In data science, you will often use PCA to condense large datasets into smaller datasets while retaining most of the information (which means retaining as much variance as possible in this case). PCA is like clustering an unsupervised learning method.

9 thoughts on “Intuition for Principal Component Analysis (PCA)”

  1. A total beginner’s question (to programming, not to statistics): How did you get the tea pot data into a csv file? Did you just copy/paste it? All of it or just the coordinates? I would like to replicate what you did.

    And also: thank you for this informative post! Most people have (understandable) trouble wrapping their head around PCA, and this post is nice break-down of the basic principles.

    Best, Ash

    1. Thank you for your positive feedback, I really appreciate it.
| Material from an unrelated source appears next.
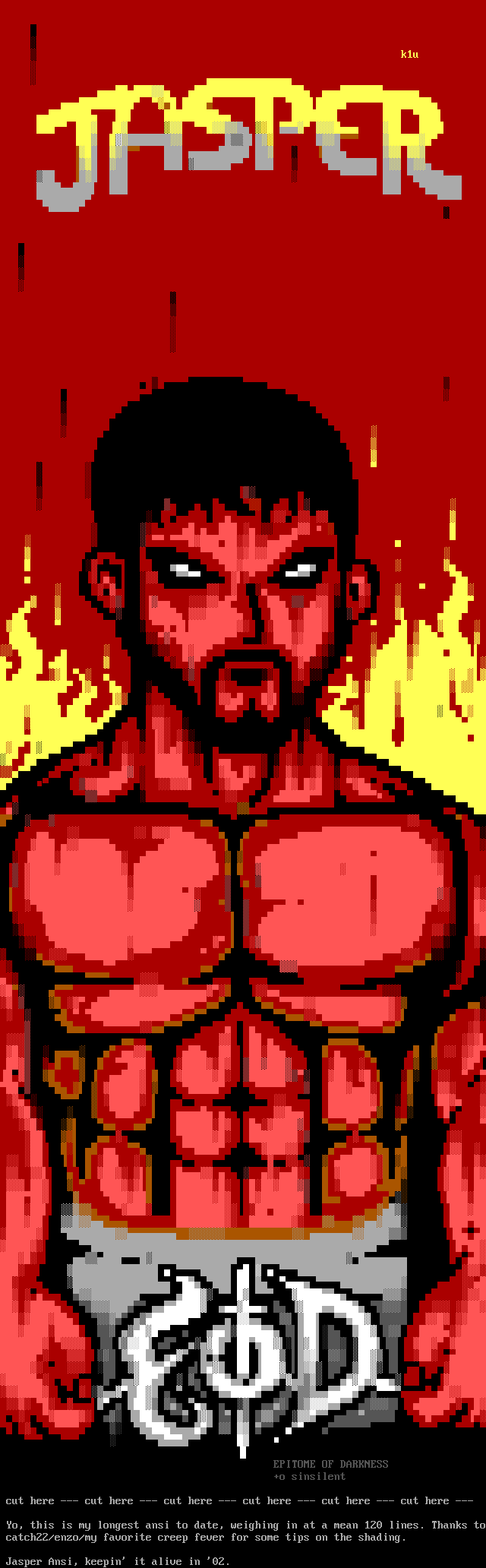 Yo, this is my longest ansi to date, weighing in at a mean 120 lines. Thanks to catch22/enzo/my favorite creep fever for some tips on the shading.

      It was basically just copy and paste (some of the other comments give details). The reason I don’t include the dataset for download is that I am not sure about copyright issues here.

  2. I had the same problem – where to get the data. So I went to the cited URL, and copied the entire Processing program. Then in an ASCII editor (BBEdit in my case) I removed the clutter above and below the array, removed brackets, changed commas into tabs, and pasted into a spreadsheet. Then one can either directly import the spreadsheet with appropriate R libraries or export the spreadsheet as CSV.
    The conversion to matrix was easier given that format: dat = as.matrix(teapot).

    Thanks for a nice article helping my intuition here!

    Best, Michael

    1. I extracted the data the same way, then skipped converting it to a matrix because it was already in the format shown by head(). Didn’t realize it would later need to be a matrix. 😉

  3. Code doesn’t work for me. Able to extract a csv from the link, and all wroks fine until this line:

    PCA_2 <- dat %*% eigenvec[ , 1:2] 
    

    returns error:

    Error in dat %*% eigenvec[, 1:2] : 
      requires numeric/complex matrix/vector arguments
    
  4. Found my problem. I needed to make dat a matrix.
    It wasn’t a matrix because the data as read as a CSV was already in the format of your example, using the line:

    dat <- matrix(unlist(teapot), ncol = 3, byrow = TRUE)
    

    resulted in a matrix that didn't work with the other parts of the example. It returns:

     head(dat)
         [,1] [,2] [,3]
    [1,] 40.6 40.1 40.7
    [2,] 42.0 43.5 37.5
    [3,] 37.0 37.6 38.8
    [4,] 40.2 29.1 28.7
    [5,] 29.1 30.1 31.1
    [6,] 16.5 16.2 16.5
    

    So I skipped

    dat <- matrix(unlist(teapot), ncol = 3, byrow = TRUE)  
    

    because the data already looked like your example:

    head(dat)
    ##      [,1] [,2] [,3]
    ## [1,] 40.6 28.3 -1.1
    ## [2,] 40.1 30.4 -1.1
    ## [3,] 40.7 31.1 -1.1
    ## [4,] 42.0 30.4 -1.1
    ## [5,] 43.5 28.3 -1.1
    ## [6,] 37.5 28.3 14.5
    

    Not sure what's going on. Maybe your CSV file was shaped differently?